C. Frank Rapier, director of the federal Appalachia High Intensity
Drug Trafficking Area, said the eradication has been a success. He
said since efforts started in the 1990s, the national forests are a
little safer for visitors; there's less marijuana, which he believes
is a gateway to harder drugs; the Mexican drug gangs that control
much of the marijuana growing in California have stayed away.

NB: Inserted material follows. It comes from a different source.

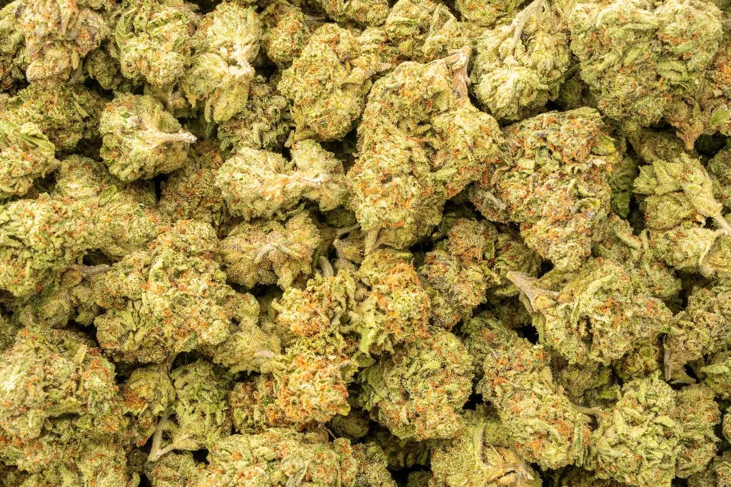 Visually, the buds are dense and chunky, heavily frosted in glittering crystalline trichomes. Their coloration typically presents minty to forest greens with darker undertones, occasionally showing faint purple accents and threaded with fiery orange pistils, while the resinous sheen gives them strong bag appeal.

Others have a different view.
"Trying to eradicate marijuana is like taking a teaspoon and saying
you're going to empty the Atlantic Ocean," said Gary Potter, an
Eastern Kentucky University professor of criminal justice who has
researched the issue for decades.
Allen St. Pierre, director of the Washington-based National
Organization for the Reform of Marijuana Laws (NORML), said efforts
in all 50 states haven't prevented marijuana production from
increasing 10-fold in the past 25 years to an estimated 22 million
pounds in 2006.
A typical day for the Appalachian eradication team will involve
hitting 15 to 20 marijuana plots - most spotted by Holden or another
pilot in a helicopter. They have learned to spy the telltale earthen
trails and bluish-green of pot patches. They mark the GPS
coordinates, then guide in ground forces to cut and burn the crop.
The booby traps they might face include pipe bombs with trip wires,
fishing hooks strung face-high across trails, sharpened bamboo
sticks, ankle-crushing bear traps; and boards pounded through with
three-inch nails that are laid on the ground and covered with leaves.
The traps are meant mainly for thieves. Most growers found on the
sites, even armed ones, flee when police arrive. But a few years ago,
three growers blew themselves up rigging a pipe bomb.
The 68 counties in Eastern Kentucky, eastern Tennessee and western
West Virginia that make up the Appalachia High Intensity Drug
Trafficking Area have less than 1 percent of the country's
population, but were home to roughly 10 percent of the marijuana
eradicated nationwide in 2006.
Many small Eastern Kentucky towns, steeped in a tradition of
bootlegging moonshine, also have high rates of unemployment, poverty
and in some cases, public corruption, according to federal drug
officials. People can make as much as $2,000 from a single plant, an
often-irresistible draw when good-paying jobs are scarce.
The estimated worth of seized plants alone far outstrips Kentucky's
other crops. Federal statistics for 2005 show state receipts for
tobacco were $342 million and corn were $336 million, compared with
close to $1 billion of pot eradicated that year.
Authorities complain that in some counties, it is difficult to get a
jury to indict, much less convict, a marijuana grower.
Holden said that unless a patch he cuts down is huge or contains
traceable evidence, he rarely goes knocking at nearby homes in hopes
of ferreting out the grower. Everyone knows who it is, he said, but
no one tells.
"It's very ingrained in the culture," he said.